If you’ve never heard this song before, you’re in for a real treat. Also: watch the video. Don’t just leave it hanging out in the background. The video makes this a zillion times more heartbreaking, and it’s already really sad.
This song is one of Josh’s most well-known songs and, my God, what a story. The bare-bones of the plot is a mummy falls in love with an archaeologist. Yet this song is more than just a simple love story. I think it fits the medium well. If this were merely a short story, I’m not sure it would work so beautifully: it might get weighted down and clunky, but five minutes of music lets this love affair spin itself out. The melody is pretty simple, allowing the lyrics to shine. I mean, just look at the second verse:
He holds back a sigh as she touches his arm
She dusts off the bed where till now he’s been sleeping
Under miles of stone, the dried fig of his heart
Under scarab and bone starts back to its beating
“The dried fig of his heart.” I love that. What laser-precise language; you can picture it immediately and know what it feels like to wake up after thousands of years, even though you’ve never been a mummy yourself. (If you have, I’ve been making gross assumptions, and I do apologize.) This is Next Level Storytelling, to be honest. Anyone can make you cry by making you grow attached to characters for fifteen pages, only to have their love meet a tragic end. Josh accomplishes the same effect over the course of five minutes, only to make you gasp when that last verse comes in. (Really, the video also deserves credit here, too—I forget how sad this song is until I see those marionettes twirling around.) I only wish I could do that with my own writing.

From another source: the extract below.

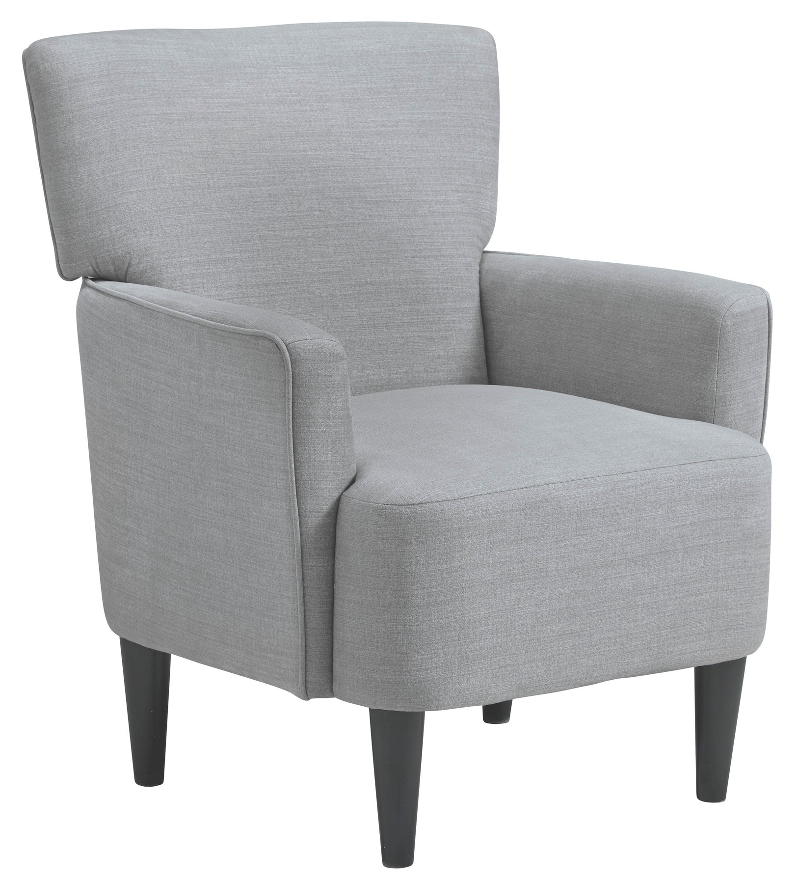 Tailor your space to your own tastes with this accent chair. Track arms and light gray upholstery create a crisp impression. Exposed legs in a black finish add to the air of modernity.

"Wait for Love" and "Wait for Love (You Know You Will)" // Josh Ritter // The Historical Conquests of Josh Ritter
Josh Ritter doesn’t do too many two-part songs; in fact, I can’t think of any beyond these two. They act as (sort-of) bookends for Historical Conquests, with “Wait for Love” serving as a coda for Part I of the album and “Wait for Love (You Know You Will)” as a rousing ending for the whole album.
These songs have the same lyrics, although the instrumentation (and mood) of each song varies wildly. “Wait for Love” is quiet, strung-out and unassuming, something that drifts by easy in the summer breeze. It’s more of a meditation, and perhaps more patient than its sister song: you’re making me wait, but maybe you’re absolutely worth the wait. This is the kind of song you might play on your guitar to try to win someone over, just to convince them to stop waiting and to join you.
"Wait For Love (You Know You Will)" is a different song altogether, even with the same lyrics. A crowd of people is singing (to the dogs or whoever) and the speaker is perhaps not as patient as he once was when singing; Josh’s delivery is a little more decisive in this version. Percussion crashes in the background and, overall, it feels way more like sitting around a campfire. Funnily enough, this version still feels personal, even with a whole group singing and the story becoming a little more universal. Moving between the personal and the universal is something we’ll see a little bit more of in the future of Josh’s music, particularly when we talk about The Beast in its Tracks—but for now, both sides are on display here.